# My boys & girls



## olympus (Jul 2, 2007)

Hi All,

I'm from South Africa.
I have 4 Rats, 2 girls and 2 boys.
The Boys: Moose (Siamese Hooded) | Alvin (Pink-eyed White)
The Girls: Lucy (Pink-eyed White) | Bella (Black Berkshire)

Cheers,
Oly  

Moose:









Alvin:









Lucy:









Bella:


----------



## ladylady (Apr 5, 2007)

Bootyful


----------



## Brain (Jul 15, 2007)

VERY beautiful.


----------



## silverynitrate (Apr 30, 2007)

I have never seen a rat like Moose before. All of your ratties are so cute!


----------



## mopydream44 (Jun 10, 2007)

wow! Did you take that pic after you gave your PEW a bath?? Her coat is amazing!!!


----------



## OhBugger. (Apr 6, 2007)

beautiful ratties!
I've never seen any markings like Moose's before, very unique.


----------



## sonoma (May 26, 2007)

You have pretty ratties! :wink: 

Moose is stunning!


----------



## Lerat (Jul 16, 2007)

very cute indeed


----------



## ghost (Jul 14, 2007)

Moose is GORGEOUS!!!!


----------



## crapola (Feb 12, 2007)

they are all beautiful ratties!!!


----------



## sk1tt135 (Jul 25, 2007)

I've never seen a rat like Moose either! That's cool. All your rats are beautiful. =D


----------



## simbakitten (Oct 10, 2007)

wow there beautiful, ive never seen a rat like the 1st one!


----------



## kaylaface (Sep 6, 2007)

pretty's!


----------



## Night (Feb 23, 2007)

Oh wow, Moose is a GORGEOUS triamese!
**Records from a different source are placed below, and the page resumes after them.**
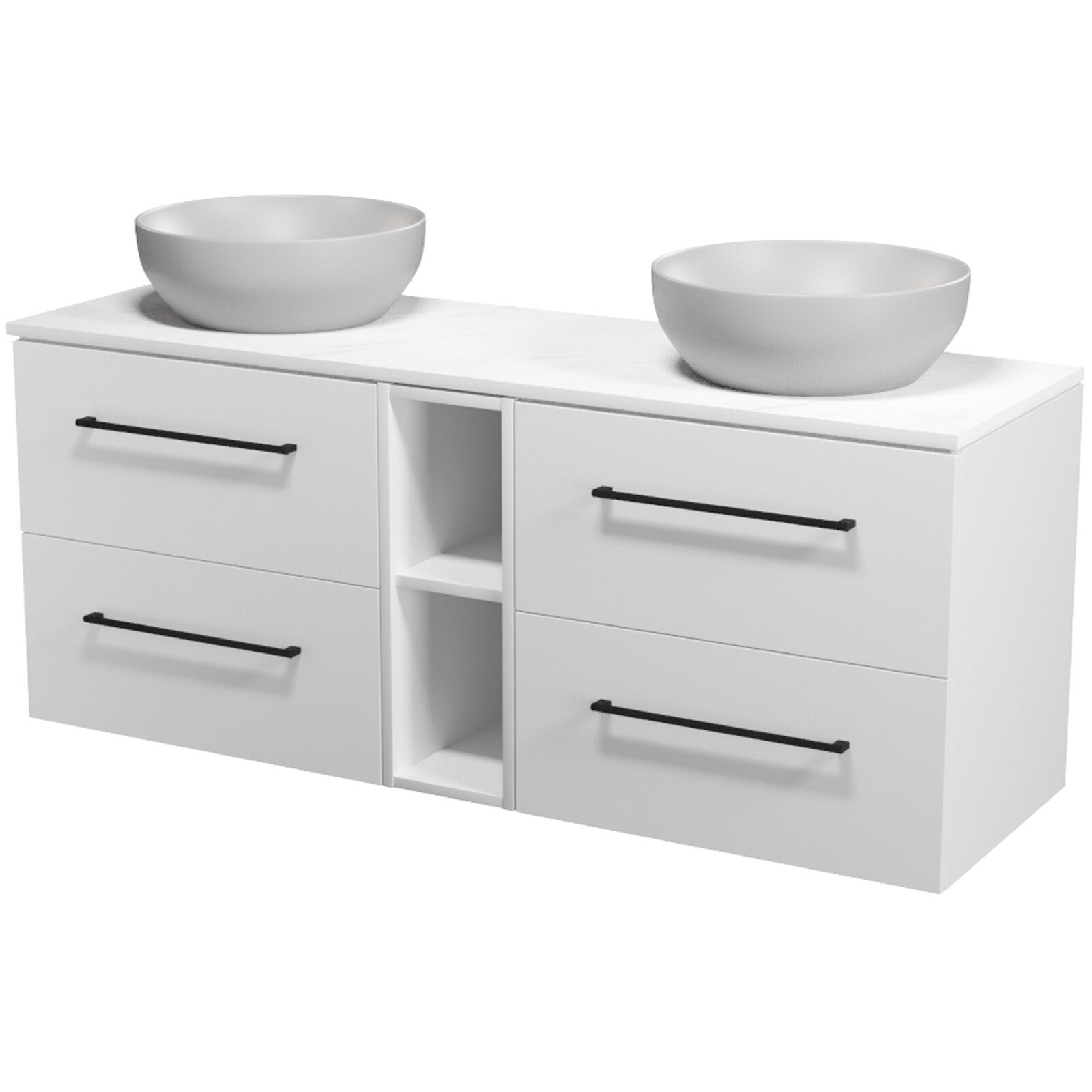 Nábytkový set Cersanit Larga 140, skříňka 60 pod desku bílá 2x, skříňka 20 pod desku otevřená bílá, deska 140 horní bílý mramor, umyvadlo Larga 40 na desku šedé 2x, úchytky černé
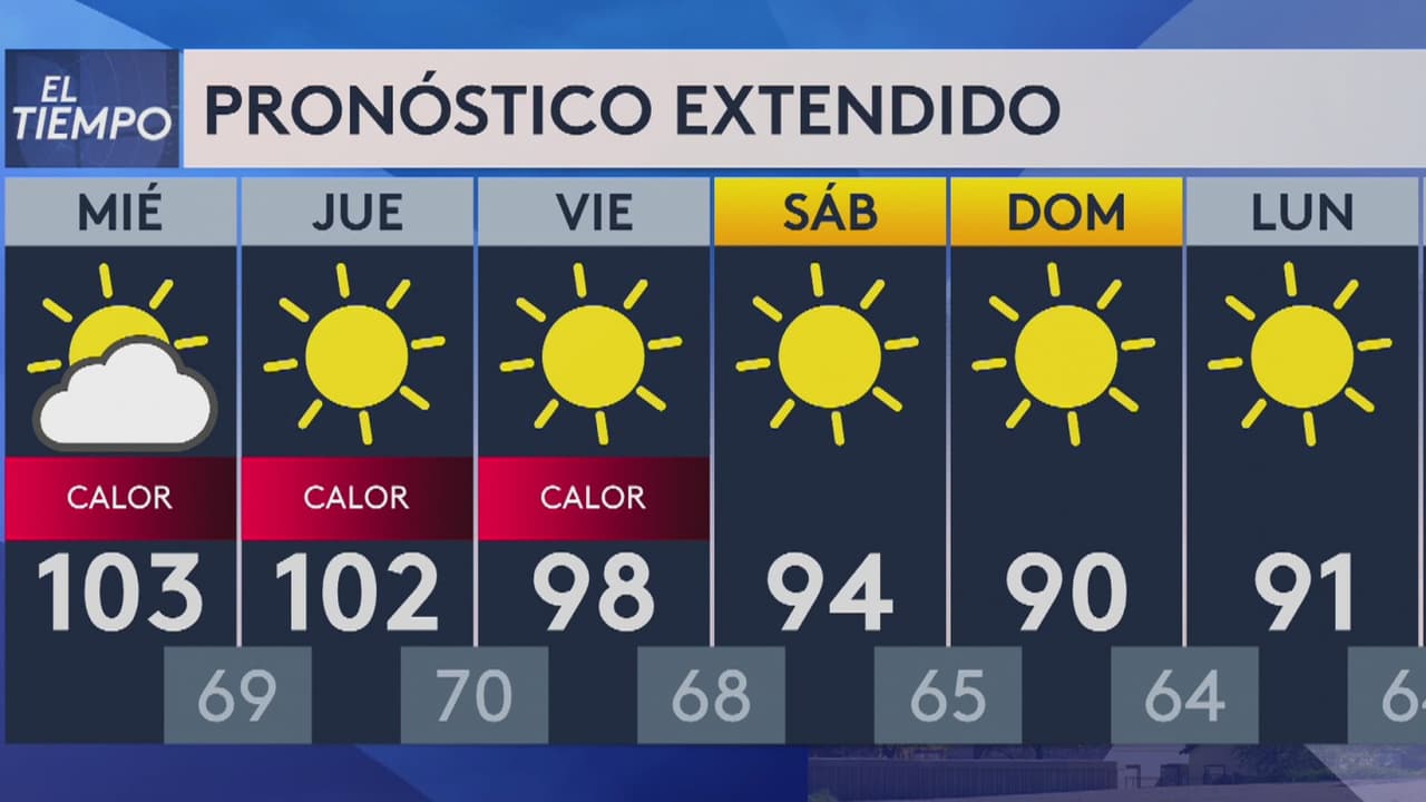 El área metropolitana de Phoenix tendrá temperaturas máximas cerca de los 102 grados Fahrenheit y mínimas de 69 grados este miércoles. Para el domingo, la región podría ver temperaturas en el rango de los 80.
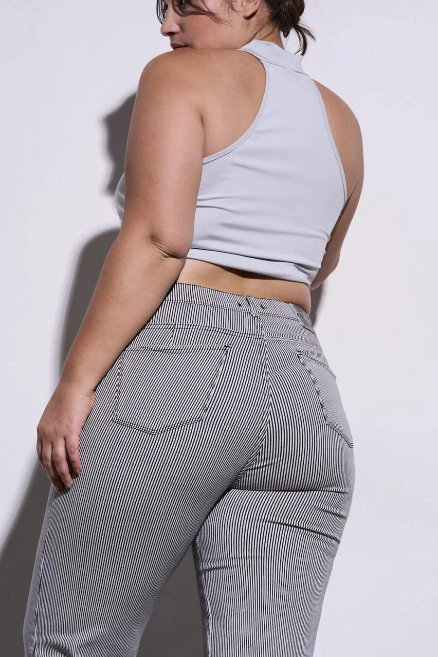 Este pantalon rayado, es original de tela elastizada, lineas en color negro,  muy versatil para usar con diversos tipos de prendas
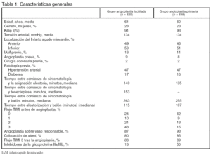 Grupo angioplastia primaria: realización de procedimiento percutáneo invasivo estándar. En este grupo el empleo de inhibidores IIb-IIIa era decidido por el investigador.

His markings really are absolutely stunning.


----------



## Macabri (Oct 8, 2007)

All of them are lovely!


----------



## Meghan (Jul 31, 2007)

I love them all,but Moose just stole my heart


----------



## foxx (Sep 13, 2007)

Hey another South African on this site. 
I am from Cape Town where do you come from?


----------



## simbakitten (Oct 10, 2007)

beautiful rats


----------